In a post on National Review Online, Institute for Justice staff members Nick Sibilla and Garrett Atherton give a mostly positive review to Chef, a new film comedy about the food-truck industry featuring several A-list stars and writer/director Jon Favreau, a former Obama administration speechwriter who also directed the first two “Iron Man” movies and “Elf.” What’s wrong with this effort?
[T]he movie diverges sharply from reality by giving scant attention to the No. 1 obstacle faced by many food-truck operators: restrictive and anti-competitive laws that, all too often, drive them out of business.
Take Greg Burke and Kristin Casper, [who] lost their jobs and opened a food truck in Chicago, the Schnitzel King.
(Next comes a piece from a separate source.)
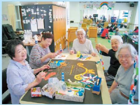
七夕飾りの準備中です♪ 今から七夕祭りが楽しみです。

But the city, goaded by a handful of politically connected restaurateurs who don’t want the competition, passed a law that makes it extremely difficult to find places to vend downtown.
Chicago bans food trucks from selling within 200 feet of any restaurant, coffee shop, or convenience store. The problem is that there is some kind of food establishment on nearly every corner. Even crazier, the city is mandating all food trucks install GPS tracking devices so that the city can monitor vendors and enforce the 200-foot proximity ban.
Greg and Kristin joined a lawsuit filed by the Institute for Justice (IJ), a public-interest law firm for entrepreneurs, and sued Chicago in November 2012. But unable to vend where they wanted at the time, Greg and Kristin were forced to shut down and end the Schnitzel King’s reign last month. (They will continue their legal fight to save other food-trucks from suffering the same fate.)
Nor are these laws confined to Chicago. Out of America’s 50 largest cities, 20 — including San Francisco, San Antonio, Baltimore, Denver and Memphis — ban food trucks from selling near brick-and-mortar restaurants.
Readers of Carolina Journal should be familiar with the plight of food-truck operators in Raleigh and other North Carolina localities that use onerous zoning and other regulations to stifle this form of entry-level entrepreneurship.
Such real-world obstacles enforced by hidebound bureaucrats or impenetrable bureaucracies don’t have to be presented in a wonky or preachy manner. They could have offered a gold mine of humor, as movie watchers a generation ago laughed along with movies such as Ghostbusters or Brazil. Too bad today’s Hollywood has lost that aspect of its sense of humor.